How Much Blood is in our Body?

In an adult human body there are about 5.5 liters of blood. These liters form the most amazing transportation system imaginable. The blood circulates through the body is that it reaches every one of billions of cells that make up the body tissues. It bring foods and oxygen to each cell, carries away waste products, carries hormones and other chemical substances, helps the body fight infection, and helps regulate body heat.

The blood is made up largely of a colorless liquid called “plasma”, and it is the red corpuscles floating in this liquid that give blood its red color.

It is when we consider how many of these blood cells there are in the ten pints of blood that our imagination is staggered. There are about 25 billion of them! In a single drop of blood there are some 300,000,000 red corpuscles.

If the cells were joined together in a chain, keeping their actual size, the chain would go four times around the earth.
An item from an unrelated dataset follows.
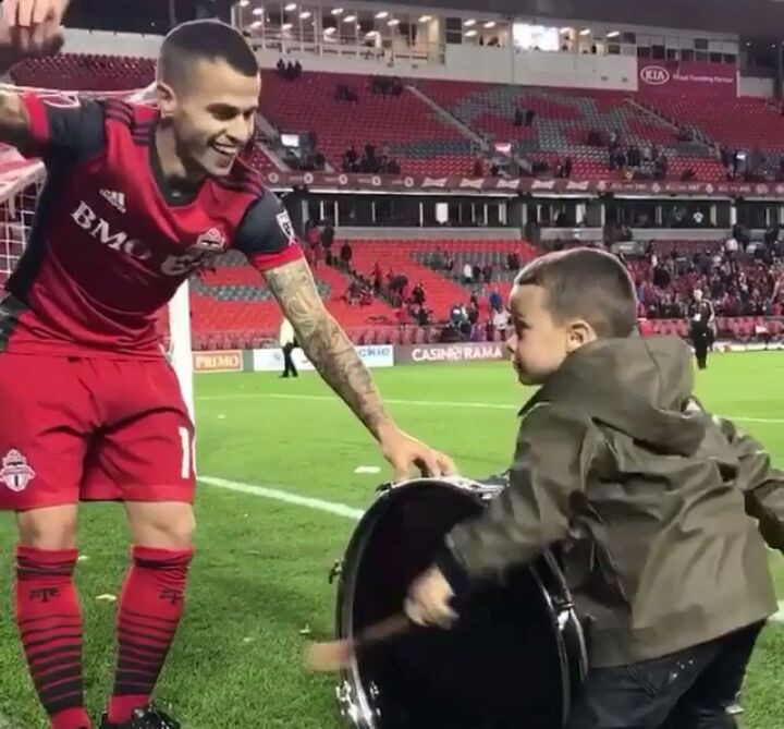 Quando si dice che i figli siano i primi tifosi dei loro papà… Chiedere a Sebastian Giovinco e al piccolo Jacopo. Ieri il Toronto ha vinto 1-0 in casa contro i Montreal Impact e a fine partita non solo l’attaccante italiano è andato sotto la curva per festeggiare. Insieme a lui c’era proprio Jacopo al quale è stato prestato un tamburo con cui a modo suo ha incitato ancora una volta i tifosi dopo quella serata già di festa per la vittoria. Un momento speciale di sicuro. “Gli è piaciuto”, ha commentato lo stesso Giovinco su Instagram. Ma alla fine il ‘Grazie’ per il prestito di quel tamburo è d’obbligo. ‘La Formica atomica’ in campo mai così… calciatore-papà insieme.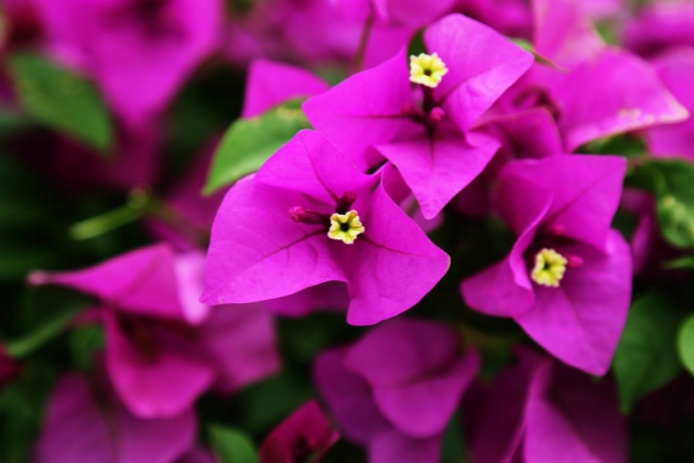 水分与养分是三角梅生长的必须,如果浇水过量或者长期不浇水都会导致其生长不良,比如说花期前浇水过多则会导致其只长叶子不开花,所以在花期之前需要减少浇水,但是需要注意,减少浇水至少控制水分过量,而不是不浇水,如果浇水太少也会抑制其正常开花。再有就是养分了,充足合适的养分可以促进三角梅开花,错误或者不合适的养分则会适得其反。在花期之前我们需要补充多一些磷钾肥,少使用氮肥,这样就可以促使其开花了。

Even though the cells are tiny, they have a tremendous surface area. For instance, if you would weave them into a carpet, the total surface area of this carpet would be 4,090 square meters.

Since at any one given moment one-quarter of the blood is to be found in the lungs, about 1,000 square meters of blood-cell surface are constantly being exposed to the air. Every second, to billion blood cells pass by the air chambers of the lungs!

Because the air in lowland regions is under greater pressure, it contains more oxygen than at high altitudes. So the higher up a person lives, the higher in the number of blood cells he has. A person living in the mountain regions of Switzerland may have 50 per cent more blood cells than one living in London.